How to choose the right blood collection tube for your sample?
How to select inactivated and non-inactivated virus preservation solutions?
How can I effectively extract nucleic acids from viscous sputum samples?
At the end of 2019, a new coronavirus pneumonia raged in China. Due to its high contagiousness, the country paid great attention to this outbreak and organized national efforts to prevent and control the epidemic. The research community isolated the novel coronavirus strain and deciphered its nucleic acid sequence in a short period of time. The new coronavirus nucleic acid detection technology became popular and entered the public eye, opening the era of pathogenic nucleic acid detection.

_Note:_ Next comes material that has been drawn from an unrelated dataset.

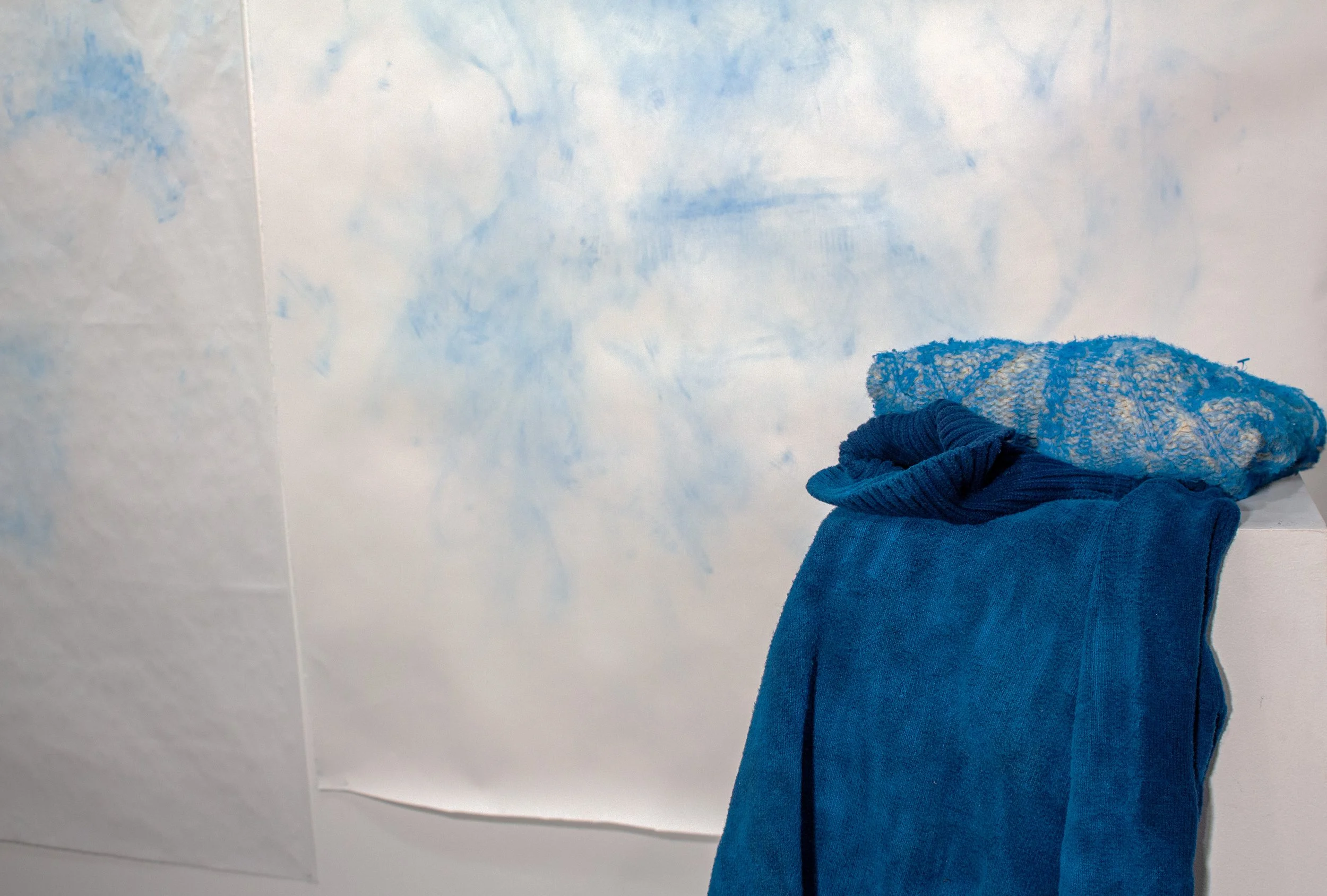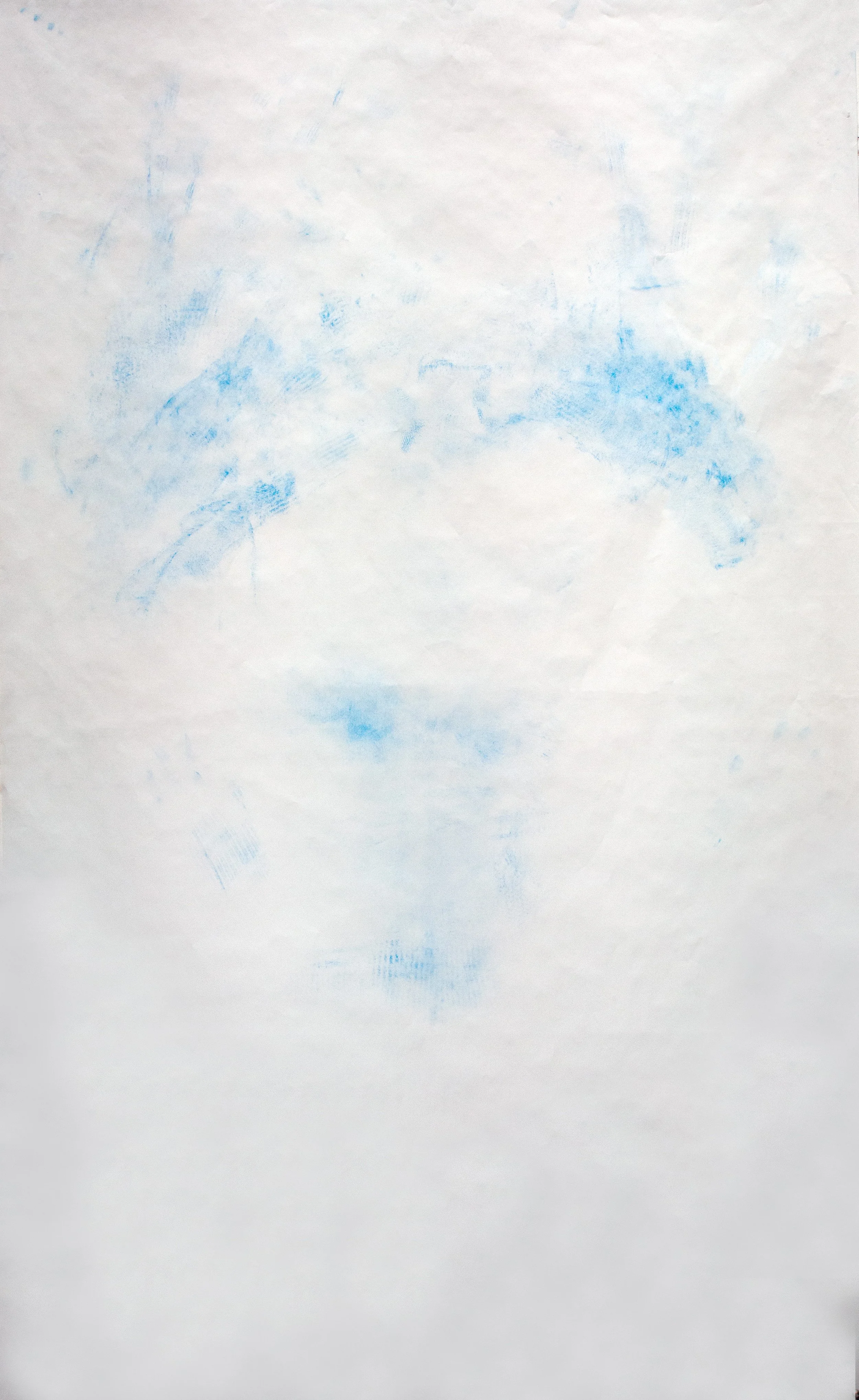 My drawings examine the idea of subjectivity through the metaphysical interconnectedness of female subjects represented by the reflected and extended physical bodies. To Gunther Kress's quote “the medium of inscription changes the text”, my recent research on materiality and the medium is presented through my oil pastel drawing Twenty-One (2023). Familiarized with traditional Chinese calligraphy which uses a wool brush, I extend the material of the wool from a brush into a sweater. By coloring the Forever 21 white wool sweater blue and wearing it, I repeatedly threw my twenty-one-year-old body as brushstrokes onto the paper and presented an embodiment within the materiality. The piece is an adaptation of Julio Cortazar's essay "Don't Blame Anyone" in expressing one's entanglement and impasse by the reality that one contrived and enforced on one's initiative. Twenty-One functions as my challenge to Yves Klein's Anthropometry of the Blue Period (1960). By opposing Klein's misogynist approach of using naked female bodies as a white male artist, I assert a feminist attitude with my active female body clothed with a sweater. Blue refers to detachment in Buddhism, and this piece also documents my effort in confronting my mental struggle for the entire twenty-one-year-old that feels a bit distant as I turned twenty-two a month after this piece was completed.

Pathogenic nucleic acid testing includes sample collection, nucleic acid extraction, and nucleic acid amplification. All can have a decisive impact on the final result. The timing and location of sample collection, sample handling and preservation, the efficiency of nucleic acid extraction, and the sensitivity of amplification reagents all affect the interpretation of the final results. I am sure you are familiar with nucleic acid extraction and PCR amplification. How much do you know about sample collection and pretreatment? Next, let me take you through.

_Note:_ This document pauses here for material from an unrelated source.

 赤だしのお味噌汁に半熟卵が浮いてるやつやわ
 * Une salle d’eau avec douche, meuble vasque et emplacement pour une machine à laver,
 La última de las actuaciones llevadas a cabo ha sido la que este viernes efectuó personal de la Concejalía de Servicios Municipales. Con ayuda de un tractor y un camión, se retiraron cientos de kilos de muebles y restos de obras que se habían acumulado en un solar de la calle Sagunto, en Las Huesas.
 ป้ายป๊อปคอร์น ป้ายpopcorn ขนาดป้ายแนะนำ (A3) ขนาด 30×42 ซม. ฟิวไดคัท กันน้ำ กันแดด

Pathogenic nucleic acid detection in the clinical common sample types are tissue, blood, swabs, sputum, etc., some of the samples are viscous, direct extraction effect is not good. I often encounter partners ask about the handling of these samples, here I made a summary of the summary, I hope it will be helpful to you.
Tissue samples
Block tissue samples cannot be fully lysed in a short period of time and generally require sample pre-treatment. Fresh tissue samples are washed twice with physiological saline, and then the cleaned tissue blocks are made into homogenate by glass sand grinding or tissue grinder, added to physiological saline or PBS for vigorous shaking and mixing, centrifuged, and the supernatant is taken for nucleic acid extraction.
Blood samples
It is sufficient to use vacuum blood collection tubes containing anticoagulants for preservation. However, there are various types of anticoagulants in blood collection tubes, and the type of anticoagulant can directly affect the results of subsequent tests. I consult professional books, it is recommended to use EDTA or sodium citrate anticoagulation tube, not recommended to use heparin anticoagulation tube (because heparin is difficult to remove in the later nucleic acid extraction process, and heparin has a strong inhibitory effect on PCR reaction, so it is not recommended to use heparin anticoagulation tube). After collecting the blood, invert and mix for later use.
Serum or plasma samples
The supernatant separated from whole blood without anticoagulant is serum, and the supernatant separated from whole blood with anticoagulant is plasma. After whole blood is taken, it is rested for 1-2 h and placed in a centrifuge for 15 min at 3000 rpm to obtain serum or plasma.
Swab samples
Swab samples are usually stored in virus preservation tubes. Virus preservation tubes are divided into inactivated virus preservation tubes and non-inactivated virus preservation tubes depending on the composition of the preservation solution. Non-inactivated virus preservation solution is a modified virus maintenance solution based on transport medium, which can retain virus activity and is mostly used for isolation and identification of virus strains and virus culture. Inactivated virus preservation solution is a modified preservation solution based on nucleic acid extraction lysate, which can lyse inactivated viruses while protecting viral nucleic acids from degradation, and is usually used for pathogenic nucleic acid detection. Sampling swabs directly contact the sampling site, the material of the swab will also have an impact on the subsequent test results, of which velvet swabs are widely used because of their good water absorption and more conducive to the release of viral properties. After sampling, the swab is well shaken and mixed in the preservation solution, and the supernatant is taken for nucleic acid extraction.
Sputum samples
Sputum contains a large amount of mucin and impurities and is relatively viscous, which makes direct nucleic acid extraction ineffective, so sputum pretreatment is performed. The sputum is liquefied with NaOH or denaturant, and then the precipitate is centrifuged for nucleic acid extraction.